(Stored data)
+===+

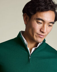 Trui Met Ritssluiting En Ritskraag Van Pure Merinowol – Groenhttps://www.charlestyrwhitt.com/on/demandware.static/-/Sites-ctshirts-master/default/dw485716c7/KNM/KNM0015BGN/KNM0015BGN_MODEL_FRONT_01.jpgKNM0015BGNKnown as nature's performance fabric, Merino is comfortably breathable and temperature regulating - and has the softest handle of any knitwear. We've gently washed it for an even silkier finish, resulting in a supple jumper that subtly moulds itself to your body. The styling is simple, letting the fine fibres take centre stage. There's traditional ribbing on the cuffs and hem and the understated neckline means this jumper looks superb when worn with a button-down shirt.https://www.charlestyrwhitt.com/nl/nl_NL/trui-met-ritssluiting-en-ritskraag-van-pure-merinowol-%E2%80%93-groen/KNM0015BGN.htmlEUR99.95InStock00
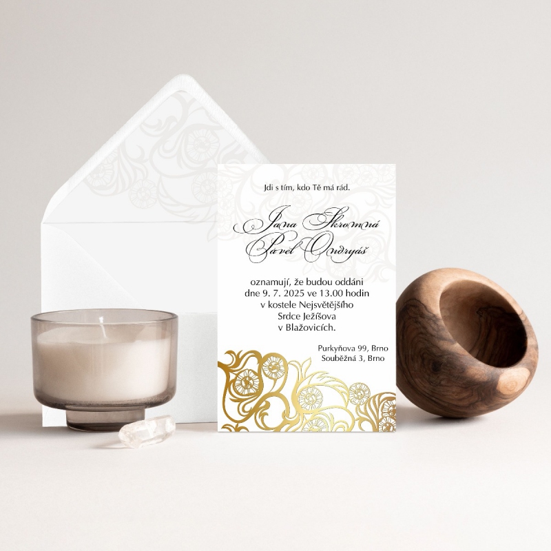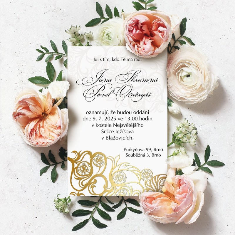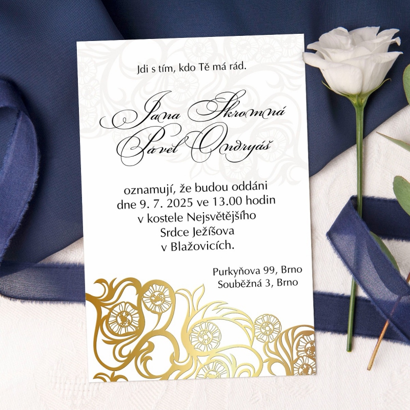 K tomuto produktu si můžete ve stejném designu objednat i další svatební tiskoviny pod položkou 'související produkty' níže na této stránce.
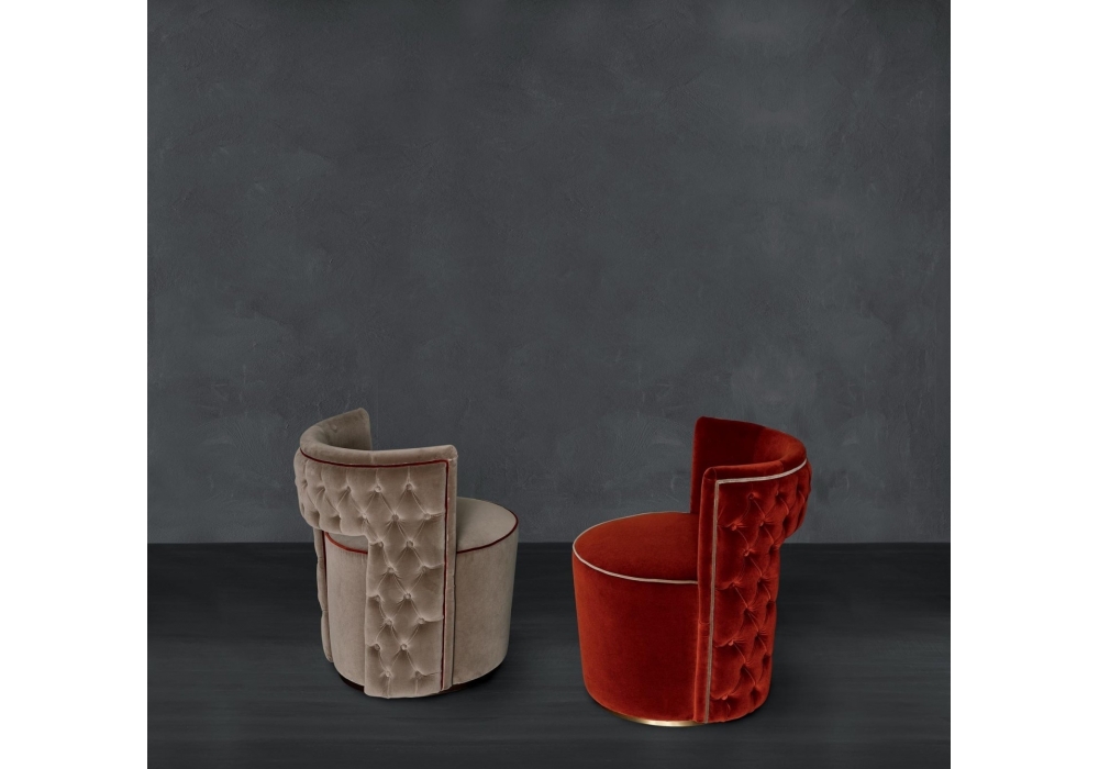 Giotto von Rugiano entworfen, ist ein Hocker mit Leder- oder Stoffbezug und Details aus bronziertem Messing oder Chrom. Erhältlich in verschiedenen Ausführungen und in zwei Größen.
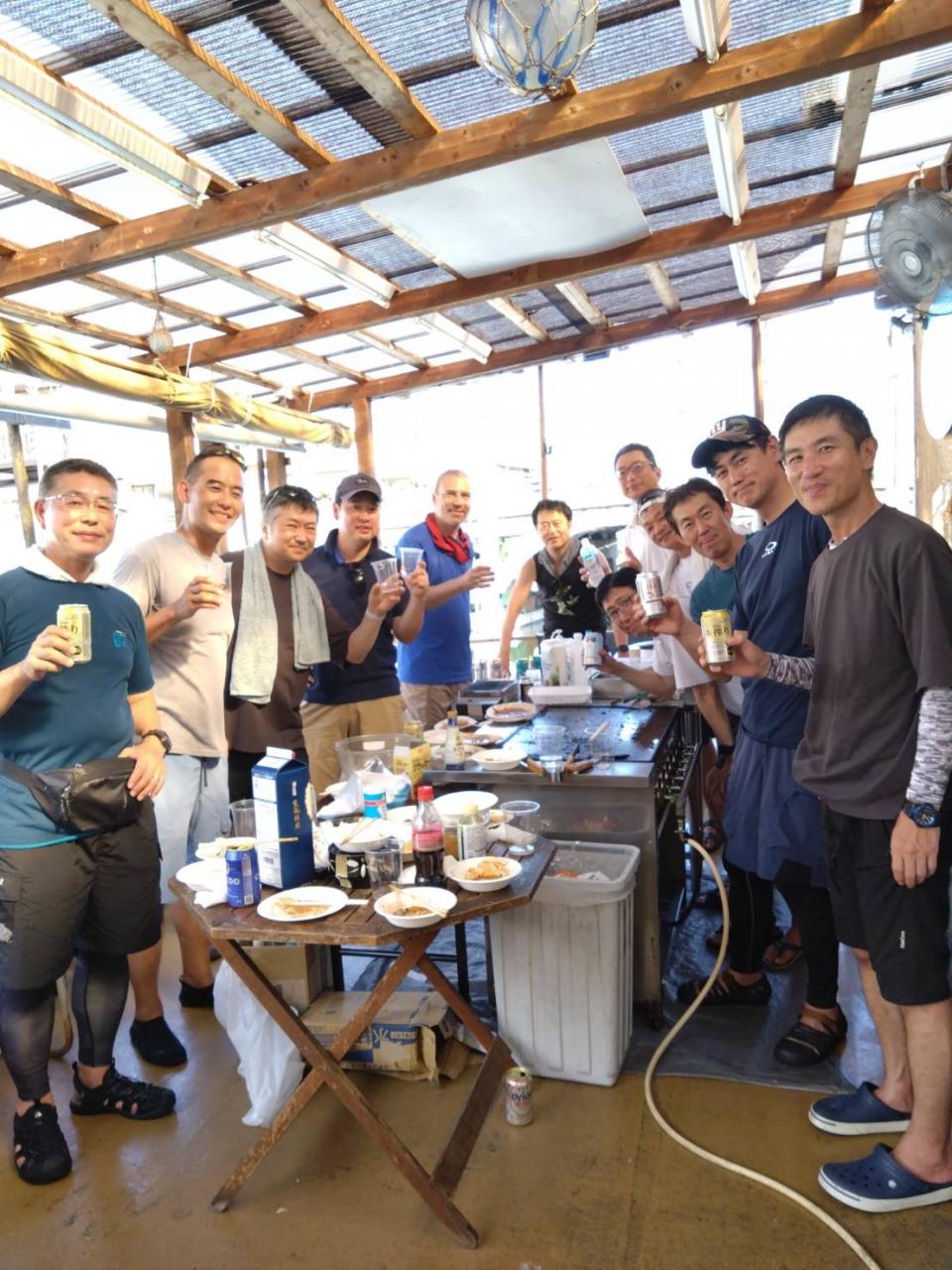 何とかパーティーの食材は確保出来ました。テラスに帰ってからはお待ちかね宴の開始です。釣り談義や雑談に花咲いて宴も盛り上がったのは言うまでもなく〜!
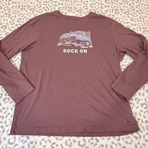 Life Is Good Men's Long Sleeve Crusher T-Shirt; "ROCK ON" theme; Mauve; Large

+===+

ASSIGNMENT » The answer should be an exact restatement of every entry, with the pictures omitted.

SOLUTION »
 Trui Met Ritssluiting En Ritskraag Van Pure Merinowol – Groenhttps://www.charlestyrwhitt.com/on/demandware.static/-/Sites-ctshirts-master/default/dw485716c7/KNM/KNM0015BGN/KNM0015BGN_MODEL_FRONT_01.jpgKNM0015BGNKnown as nature's performance fabric, Merino is comfortably breathable and temperature regulating - and has the softest handle of any knitwear. We've gently washed it for an even silkier finish, resulting in a supple jumper that subtly moulds itself to your body. The styling is simple, letting the fine fibres take centre stage. There's traditional ribbing on the cuffs and hem and the understated neckline means this jumper looks superb when worn with a button-down shirt.https://www.charlestyrwhitt.com/nl/nl_NL/trui-met-ritssluiting-en-ritskraag-van-pure-merinowol-%E2%80%93-groen/KNM0015BGN.htmlEUR99.95InStock00
 K tomuto produktu si můžete ve stejném designu objednat i další svatební tiskoviny pod položkou 'související produkty' níže na této stránce.
 Giotto von Rugiano entworfen, ist ein Hocker mit Leder- oder Stoffbezug und Details aus bronziertem Messing oder Chrom. Erhältlich in verschiedenen Ausführungen und in zwei Größen.
 何とかパーティーの食材は確保出来ました。テラスに帰ってからはお待ちかね宴の開始です。釣り談義や雑談に花咲いて宴も盛り上がったのは言うまでもなく〜!
 Life Is Good Men's Long Sleeve Crusher T-Shirt; "ROCK ON" theme; Mauve; Large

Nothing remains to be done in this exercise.